Researchers from the MIT Computer Science and Artificial Intelligence Laboratory (CSAIL) and Google Research introduced “the alchemist”, A model that provides unprecedented precision in controlling the properties of materials in images. This innovative tool tackles an important challenge encountered by users of generative text models in the image: carrying out detailed and precise material properties.
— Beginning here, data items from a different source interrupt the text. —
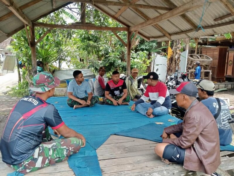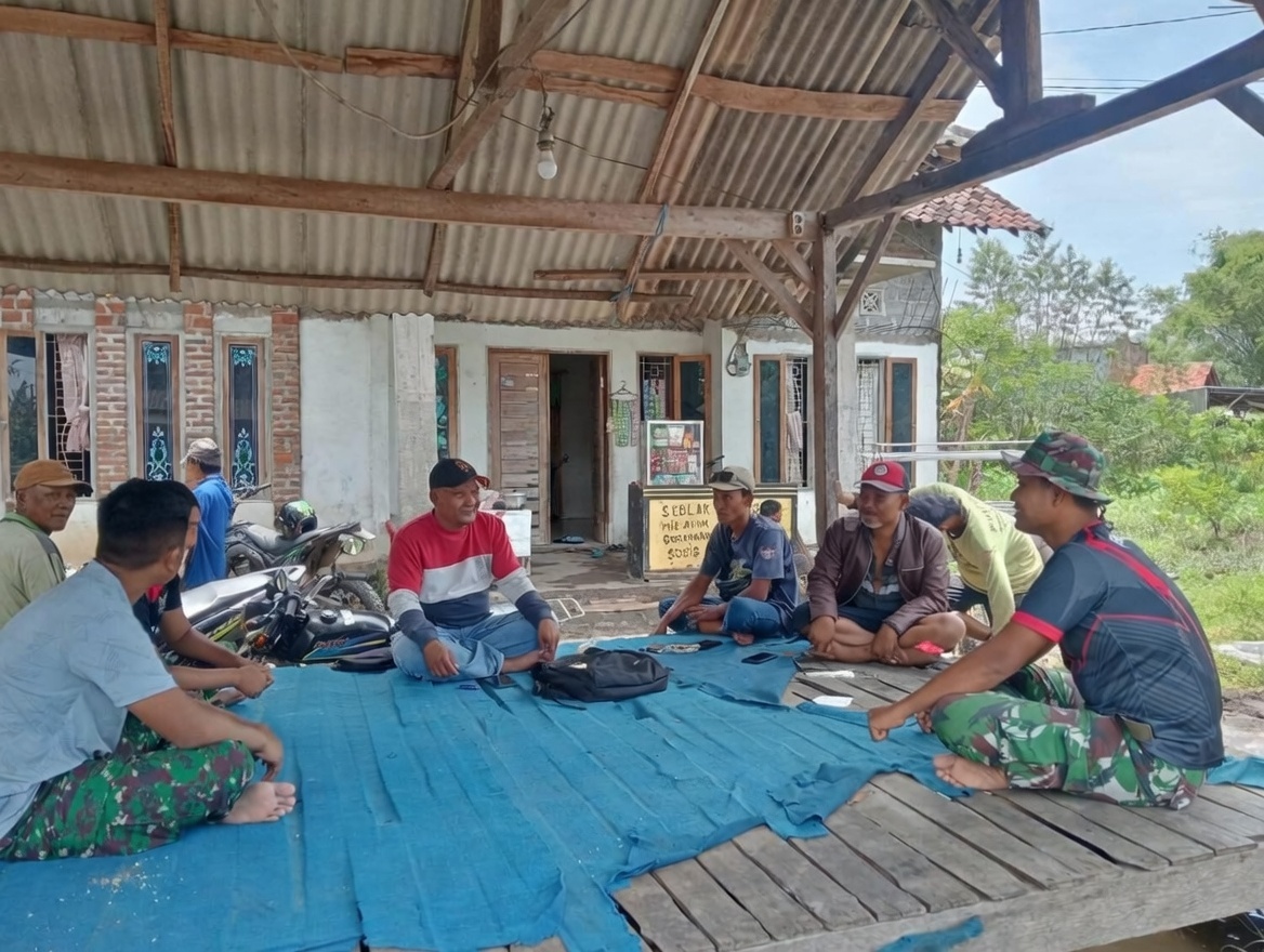 Teropongbarat.com Dalam sebuah gubuk sederhana berdinding anyaman bambu dan beratap seng, beberapa pria duduk melingkar di atas terpal biru yang sudah lusuh. Sinar matahari sore menembus celah daun dan ranting, menerangi wajah-wajah yang lelah setelah seharian mengangkut pasir, mencampur semen, dan memasang bata.Minggu siang (8/3/2026) di Desa Wonosari, Kecamatan Gondangwetan, Kabupaten Pasuruan, prajurit Satgas TMMD Ke-127 Kodim 0819/Pasuruan tidak langsung kembali ke pos setelah bekerja. Mereka memilih beristirahat bersama warga sambil berbincang santai dalam kegiatan Komunikasi Sosial (Komsos).
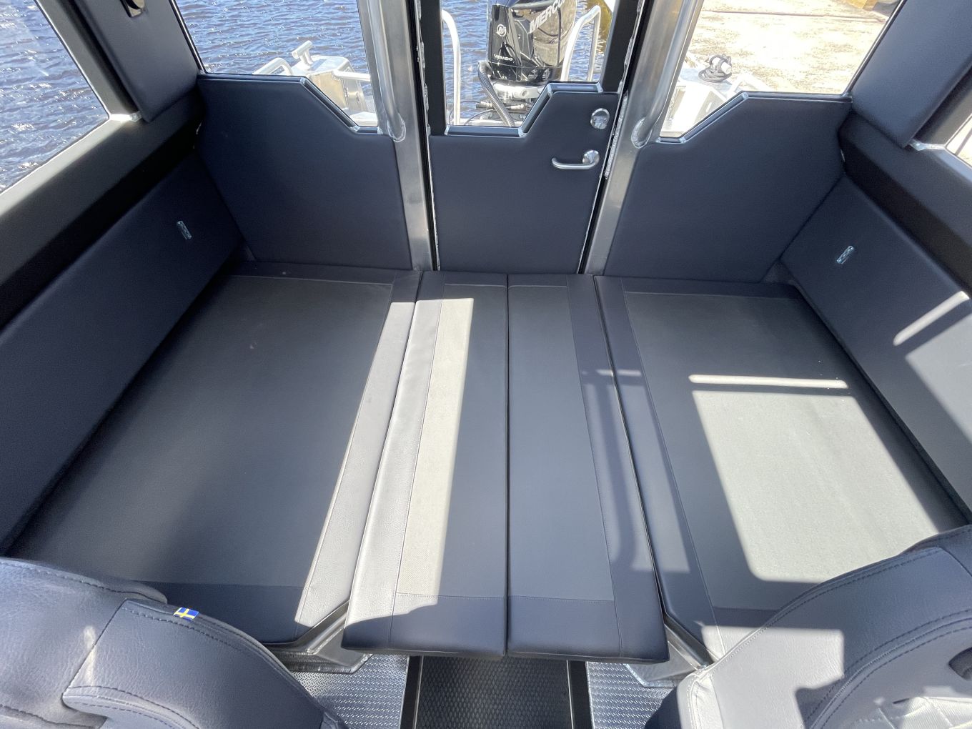 Päiväkäytössä C26:n hytti on mukavan avara. Siitä pitävät huolen korkeat ikkunat ja vakiovarusteisiin kuuluva lasikattoluukku. Kiva yksityiskohta on takaseinän ja -oven ikkunat, joiden vyötärölinja on sivuikkunoita alempana. Hyöty on siinä, että kuskin paikalta on hyvä näköyhteys aivan veneen peräkulmiinkin.
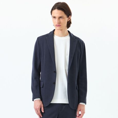シングル2ボタンモデルの腰フラップポケットデザイン。細見返し仕様で裏地なしの軽量なアンコンジャケットです。ニットのような見た目のカジュアル感がポイントです。
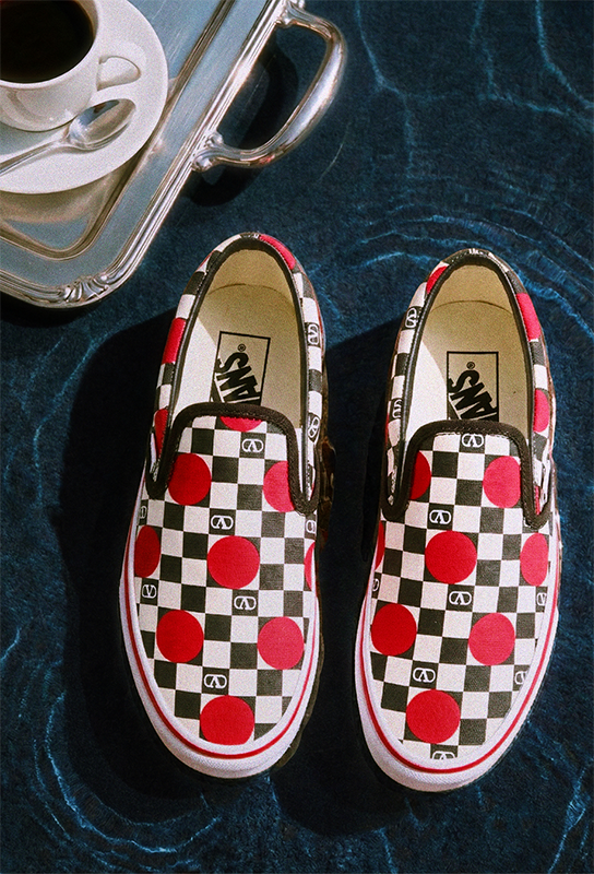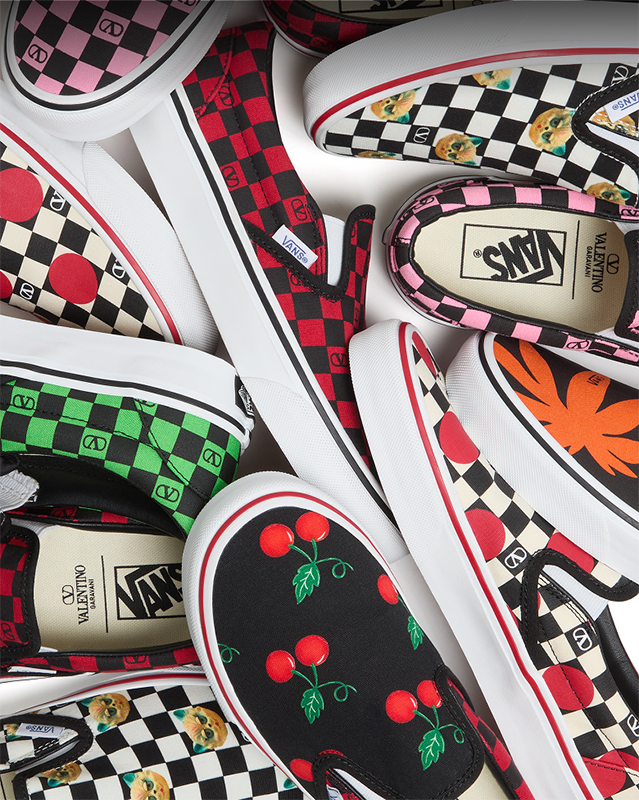 Each pair comes in special packaging highlighting the Vans checkerboard motif, reimagined with the Valentino VLogo Signature.
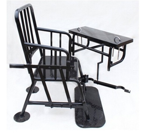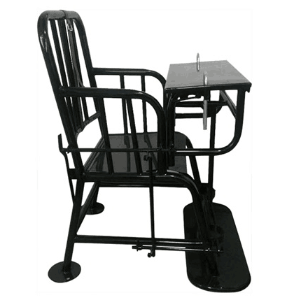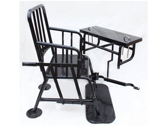 新型审讯椅采用上层铁艺,座椅前端设有方形小桌整体开关的一些装置,下部设有腿部固定装置,固定安
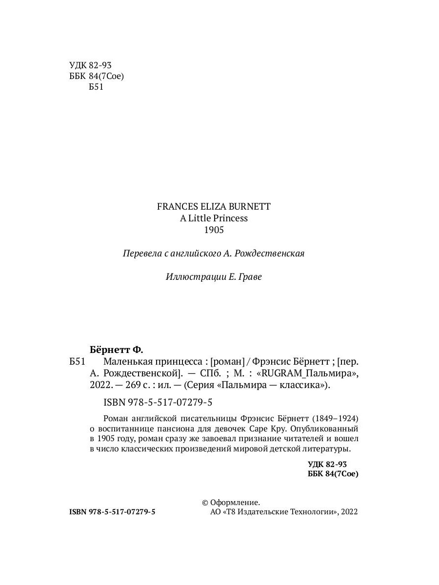 Роман английской писательницы Фрэнсис Бёрнетт (1849-1924) о воспитаннице пансиона для девочек Саре Кру. Опубликованный в 1905 году, роман сразу же завоевал признание читателей и вошел в число классических произведений мировой детской литературы.| Издательство | Т8 RUGRAM |
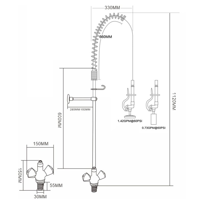 Standard pre-rinser for heavy-duty commercial use
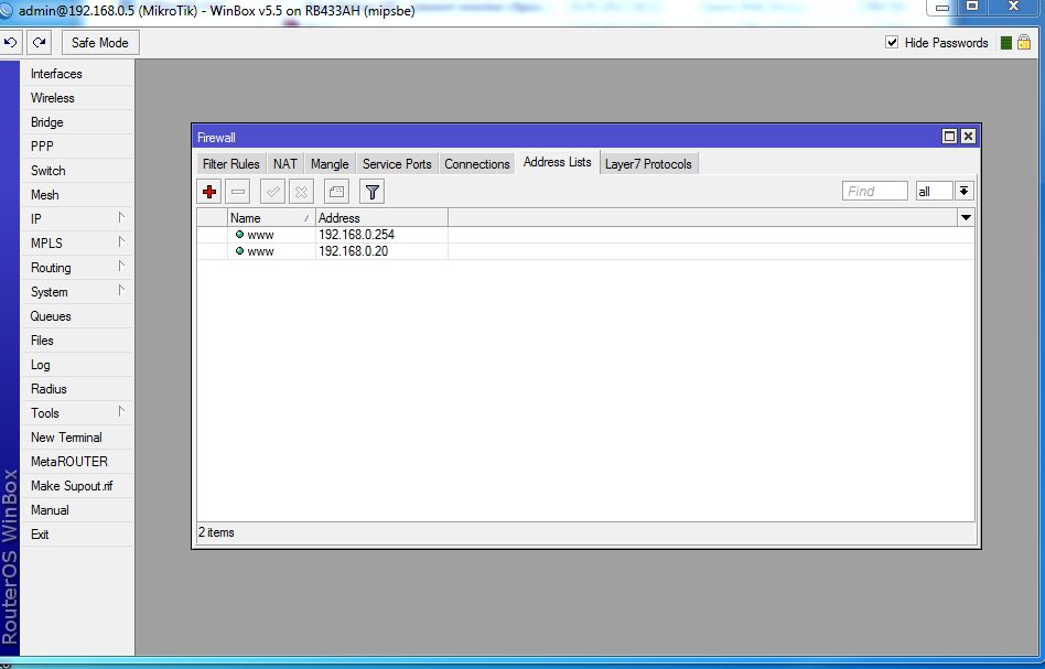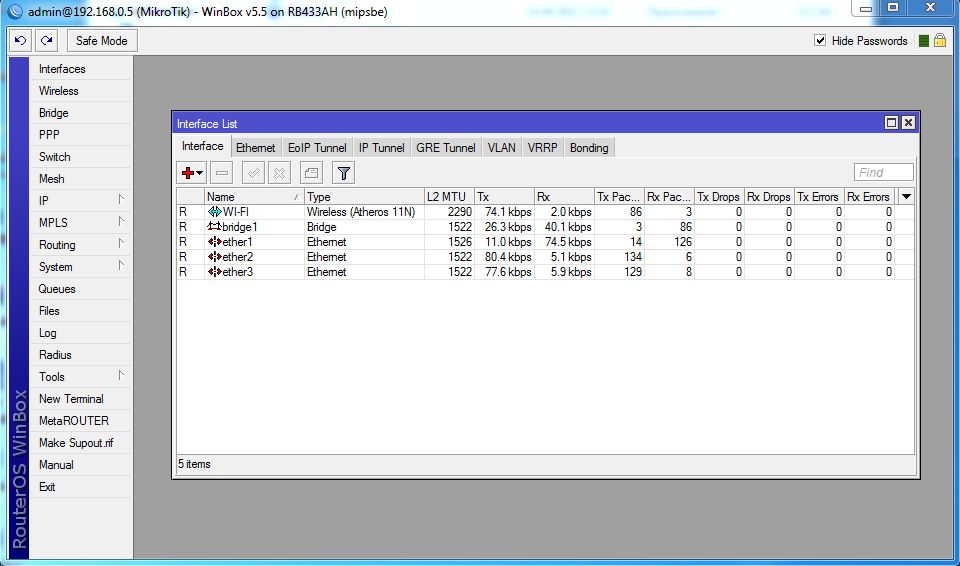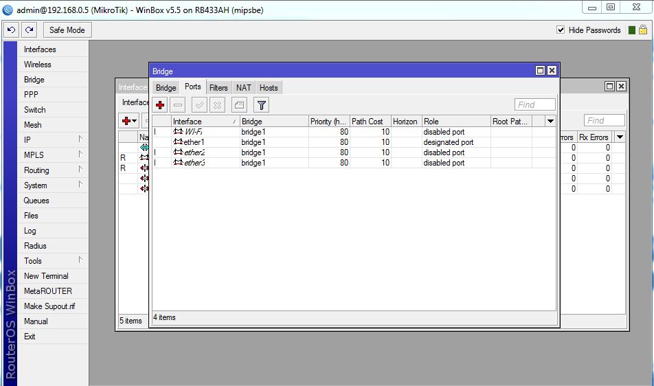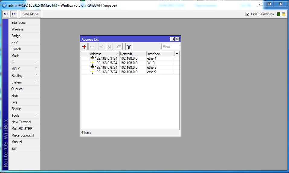 Saab95 Posted May 27, 2012 Posted May 27, 2012 Тогда вам надо на Ether1 прописать IP-адрес провайдера а в маршрутах IP--+Routes установить маршрут на 0.0.0.0/0 на адрес вашего маршрутизатора провайдера. Порт Ether1 добавлять в бридж не надо. Далее создать PPTP_Client где указать логин и пароль, поставить галочку Use Peer DNS и Add Default Gateway. После этого добавляете в бридж порты Ether2, Ether3 и Wlan1, на бридж указываете адрес 192.168.0.1/24 (заходите в IP--+Address жмете + и прописываете адрес и выбираете интерфейс Bridge1) далее настраиваете DHCP сервер в пункте IP--+DHCP Server через кнопку DHCP Setup. Настраиваете беспроводную карту в режим AP Bridge и на вкладке WDS указываете Dynamic WDS и имя вашего бриджа. Вставить ник Quote
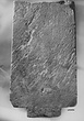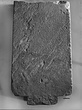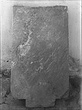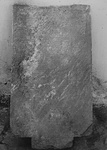 Dimensions:   H. ca. 0.81; Lett. H. 0.006; W. (at bottom) 0.465, (at preserved top) 0.436; Th. ca. 0.105, (near top) ca. 0.80
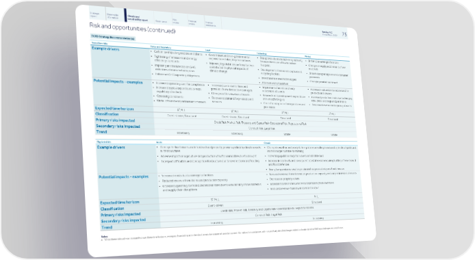 Strategic Shareholder Climate and Risk Financial Financial Barclays PLC 75 report information sustainability report Governance review review statements Annual Report 2022 Risk and opportunities (continued) TCFD Strategy Recommendation (a) Transition risks Policy and Regulatory Legal Technology Market • Carbon tax impacting sectors and clients • Government and non-governmental • Disruptive substitute technologies being • Shift in Consumer preferences Example drivers organisations taking litigation actions favoured because of lower carbon • Tightening of emissions and energy • Changes in supply and demand of raw footprint efficiency standards • Imposing legal liabilities on firms for their materials contribution to physical impacts of • Development of emissions capture and • Imposing an absolute cap on GHG • Shareholder perceptions and consumer climate change recycling facilities emissions at manufacturing sites pressures • Investments in new technologies • Enhanced GHG reporting obligations • Changing market sentiment • Alternatives to fossil fuel • Increased operating cost for compliance • Increased costs due to fines and • Impairment of assets and early • Increased costs and reduced demand for Potential impacts - examples penalties from class action damages retirement of assets products and services • Increased capital expenditure to meet regulatory standards • Changes in the valuation of assets • Research and development expenditure • Increased production costs due to changing in new technologies input prices and output requirements • Operating constraints • Decreased demand for products and services • Costs for adoption of new practices and • Decreased revenue and repricing of assets • Write-offs and early retirement of assets processes a a a a S , M, L S , M, L S , M, L S , M, L Expected time horizon Event-driven, Structural Event-driven, Structural Structural Structural Classification Credit Risk, Market Risk, Treasury and Capital Risk, Operational Risk, Reputational Risk Primary risks impacted Conduct Risk, Legal Risk Secondary risks impacted Increasing Increasing Stable Stable Trend Physical risks Acute Chronic • Damage to fixed assets and infrastructure (property, power supplies) by climate events • Change in weather and precipitation patterns resulting in reduced agricultural yields and Example drivers such as wildfires land no longer suitable for farming • Adverse impact on agriculture and production of soft commodities due to drought • Potential population migration due to inhabitable land • Transport difficulties and damage to infrastructure due to severe storm and flooding • Increase in sea levels and consequent coastal erosion requiring building of new seawall and flood defences • Rising temperatures resulting in diminished productivity and health issues • Increased costs due to damage to facilities • Reduced revenue from decreased production capacity and early retirement of assets Potential impacts - examples • Reduced revenue from decreased production capacity • Decrease in property values • Increased operating costs and decrease in sales due to unavailability of raw materials • Increased costs and insurance for assets in high risk locations and supply chain disruptions • Reduced revenue from lower sales and output a S , M, L M, L Expected time horizon Event-driven Structural Classification Credit Risk, Market Risk, Treasury and Capital Risk, Operational Risk, Reputational Risk Primary risks impacted Conduct Risk, Legal Risk Secondary risks impacted Increasing Increasing Trend Notes: a Whilst these risks will start to manifest over these time horizons, we expect financial impact in the short term to be immaterial based on current information / circumstances, with no specifically identified charges related to climate risk in the 2022 reported expected credit losses.

Alchemist Allows users to modify four key attributes of real images generated by AI:
- Roughness
- Metacicity
- Albedo
- Transparency
Alchemist takes any photo as input and allows users to adjust each property in a continuous scale of -1 to 1, creating a new visual. The magic behind it lies in its dissemination diffusion model, specifically stable diffusion 1.5. This text model in the image is known for its photorealistic results and its editing capacities. Unlike previous diffusion systems which have focused on higher level changes (such as exchange of objects or the modification of the depth of the image), the alchemist takes care of low -level attributes. Its unique interface based on sliders surpasses other methods, allowing precise adjustments to the properties of materials.
Alchemist's design capacities promise significant progress in various fields:
- Video game design: Alchemist could be used to modify video game models, adapt them to different environments or improve their realism.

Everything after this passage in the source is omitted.